Потом их что-то отвлекло, все успокоились, соседи начали расходиться. Родители занялись другими делами, про меня забыли, и я вылез из-под рояля.

Я нашёл отцовский пиджак, вынул у него из кармана коробку с цветными карандашами и открыл её: красный карандаш, он был всех короче, почти на три четверти отточен, лежал там вместе с другими — маленький красный карандашик.

Я спрятал коробку как можно дальше, чтобы думали, будто я все карандаши проглотил вместе с коробкой — ещё интереснее!

Но всё как-то прошло незаметно.

Так никто и не может найти эту коробку с цветными карандашами. Наверно, она лежит там до сих пор.

Я ведь не помню, куда я её тогда спрятал.

Но ни за что не хочу забыть случай с красным карандашом, потому что он был самым первым, как я себя помню.

Когда он вернётся

Была война.

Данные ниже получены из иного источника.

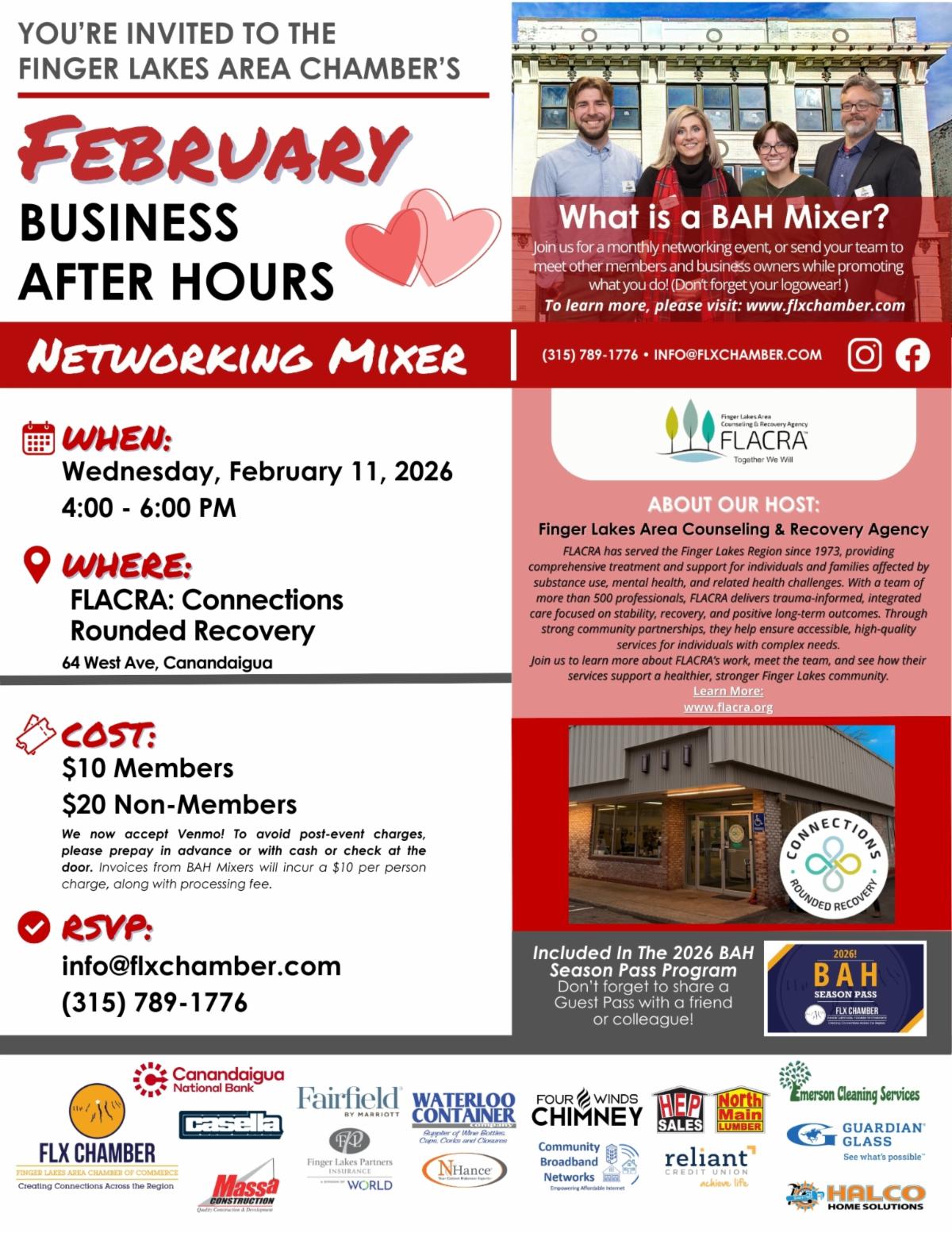 The FLX Chamber’s next Business After Hours Mixer will take place on Wednesday, February 11, from 4-6 pm at FLACRA: Connections Rounded Recovery, located at 64 West Ave, in Canandaigua. Spaces are limited. The cost to attend Business After Hours is $10 for Members and $20 for non-members, unless individuals have purchased a BAH Season Pass. This event is included for all 2026 Season Pass Holders, but reservations are still required. Please contact the Chamber via email at info@flxchamber.com or call 315-789-1776 for reservations or more information.
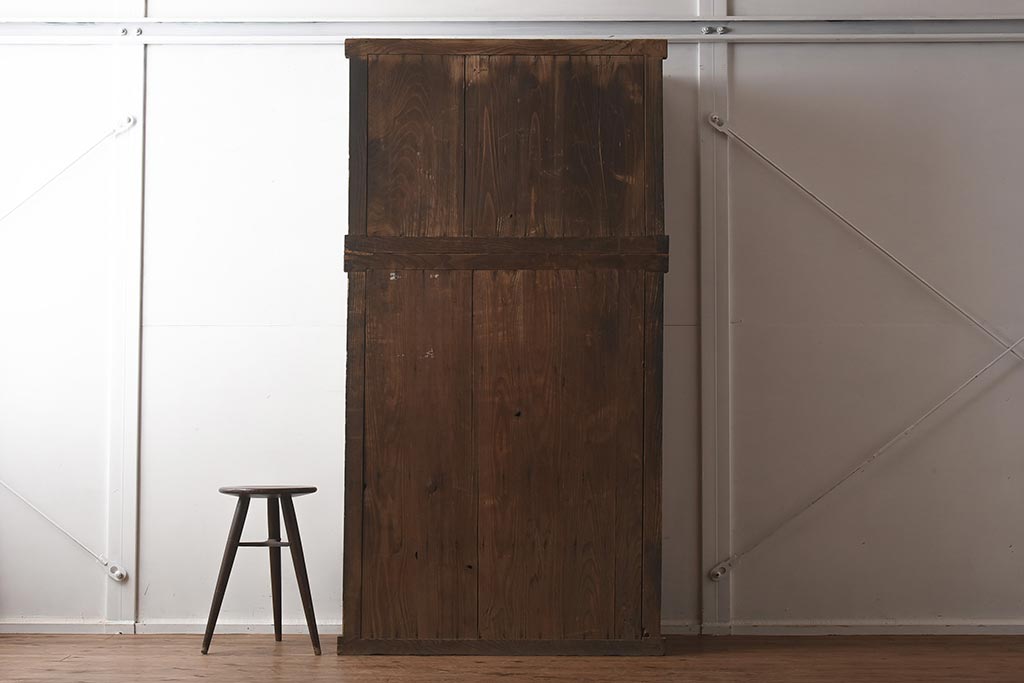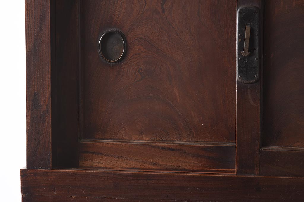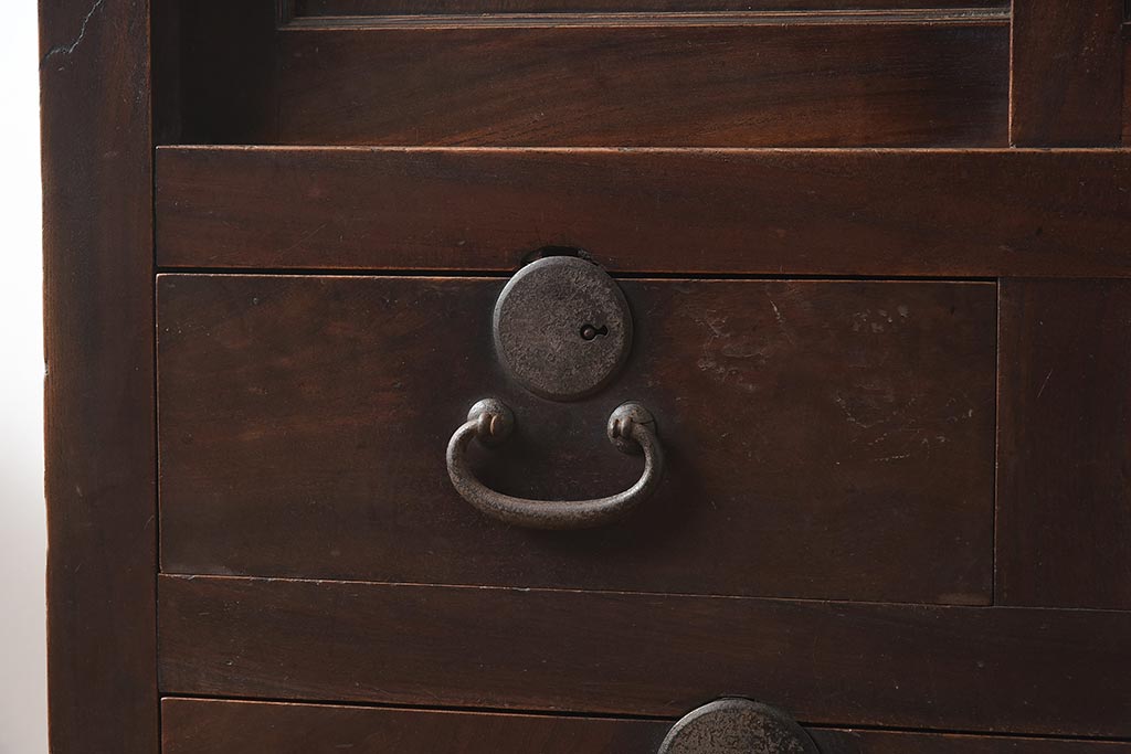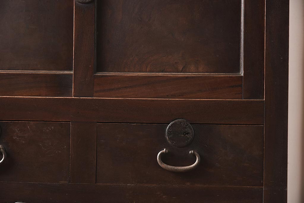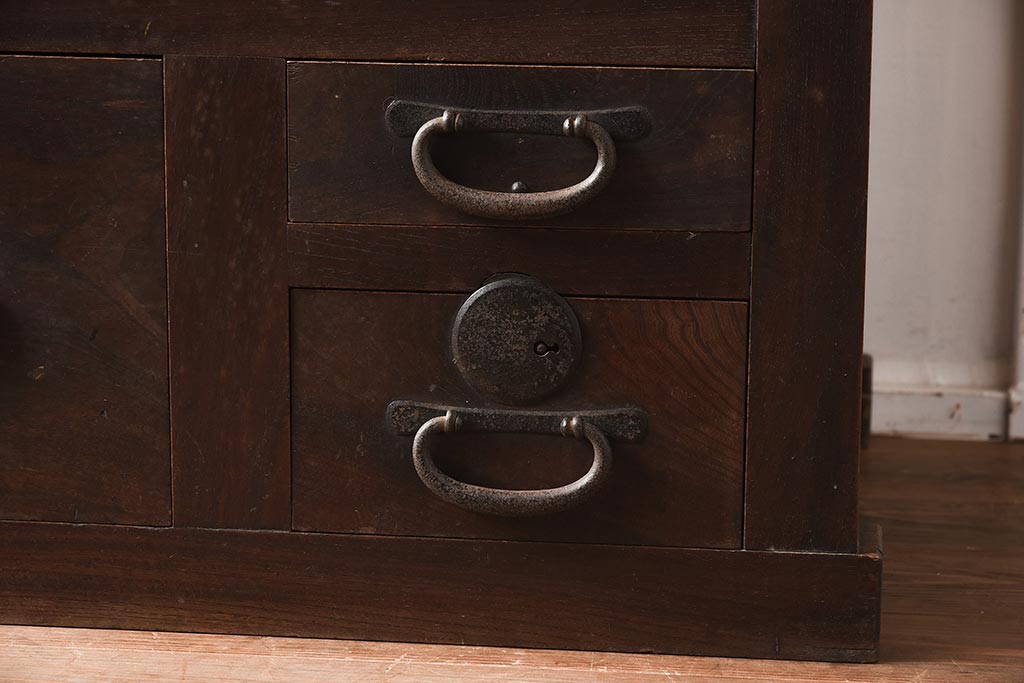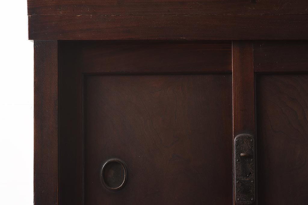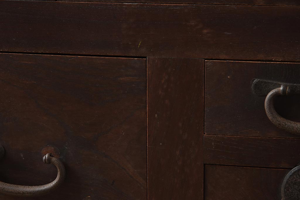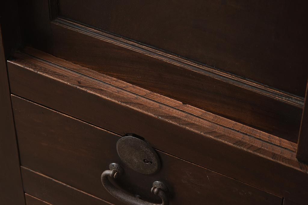和箪笥> 帳場箪笥 > アンティーク家具 和製アンティーク 明治大正期 前面ケヤキ材 極太框 上手物 凛とした存在感が溢れる重ね帳場箪笥(重ね箪笥、収納棚)(R-040625)
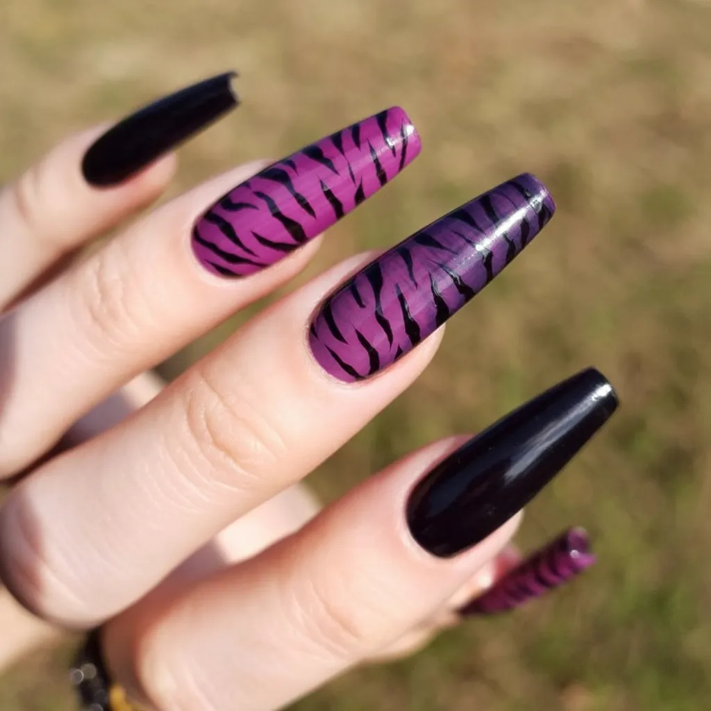 This design works best on long nails so the stripes have space to flow (coffin shapes look especially clean here). Ask for a solid black on a couple of nails, then a purple base on the patterned ones with black stripe art layered on top. Keep the lines slightly curved so it reads as animal print, not random scribbles. If you love bold nails but want them to still feel polished, make sure the top coat is ultra glossy and the pattern edges are crisp.
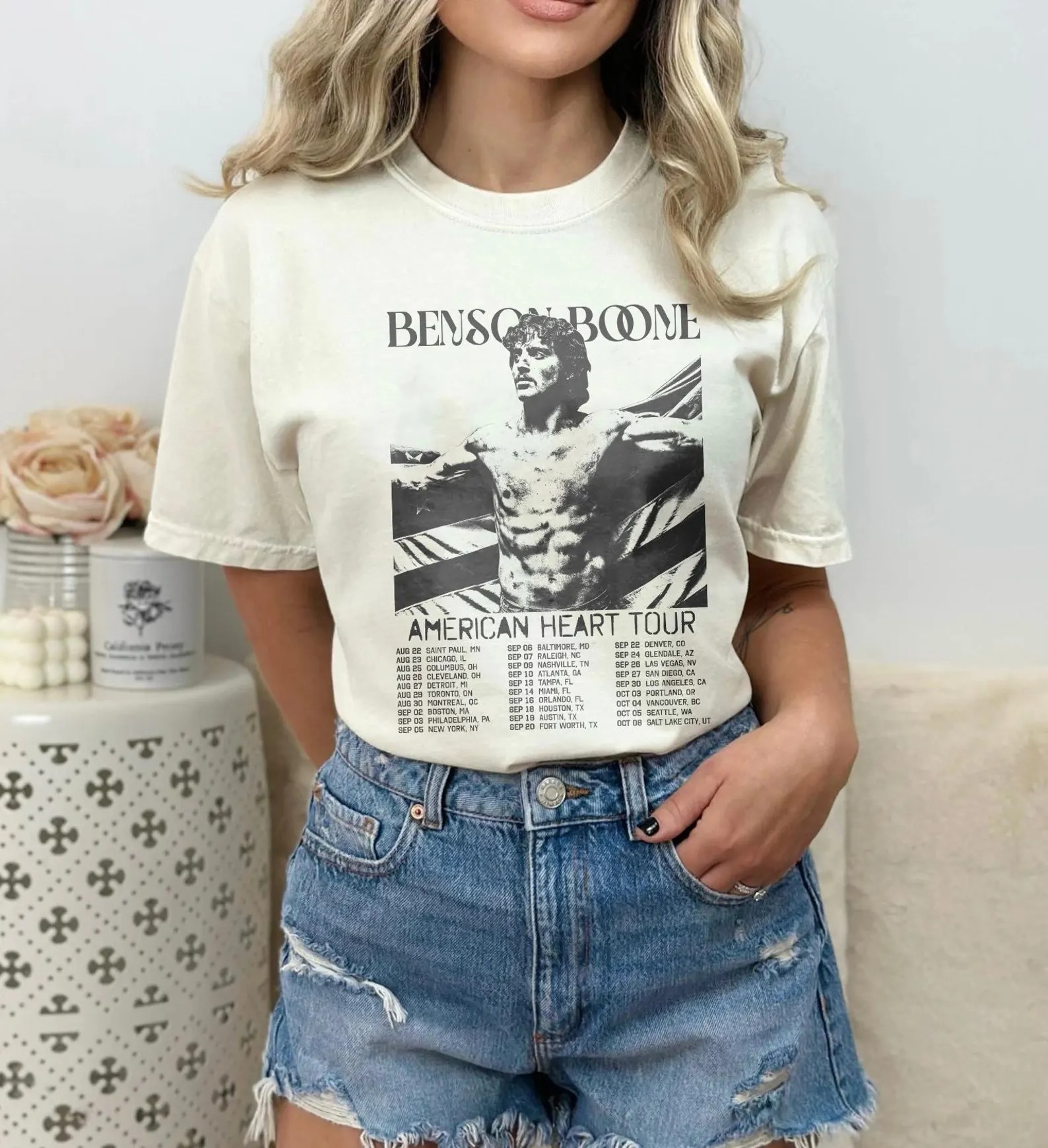 Vintage Benson Boone Shirt, Benson Boone Merch, Benson Boone Concert Shirt, America Heart Tour Shirt, Benson Boone Tour Shirt
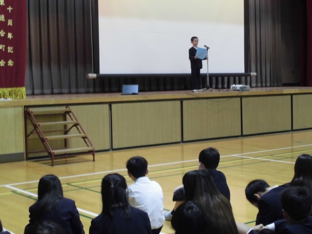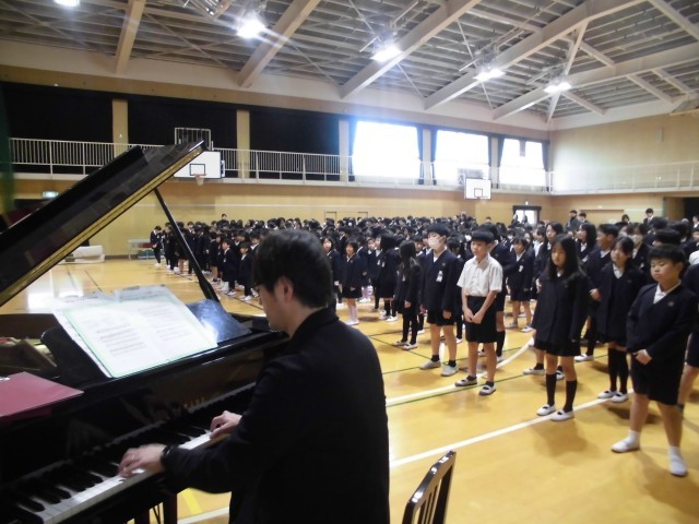 3学期の始業式をしました。大阪市歌を歌った後、1年生の代表の児童から3学期にがんばりたいことの発表がありました。縄跳びや漢字検定の満点などをめざしたいと目標を言っていました。学校長の話では、目標持つことや言葉遣いについてお話をしました。みんなしっかり話を聞いていました。

Мы жили в далёком южном городе. Отец был на фронте. Мама работала на фабрике, и я иногда после школы навещал её. У нас кончались занятия, на фабрике начинался перерыв. Я всегда спешил к обеду.

В этот день я налетел на директора фабрики, он видел меня частенько, я хотел проскочить, но он вдруг спросил:

— Постой-ка, в школе ты хорошо учишься?

— Хорошо. — Я всегда хорошо учился.

— А сколько тебе лет? — спросил он.

— Пятнадцать.

Это была неправда, мне было двенадцать. Хотелось на войну. И я врал. Всем. Всегда. Я знал, что и пятнадцать маловато. Но… врать — меру знать. Война-то идёт…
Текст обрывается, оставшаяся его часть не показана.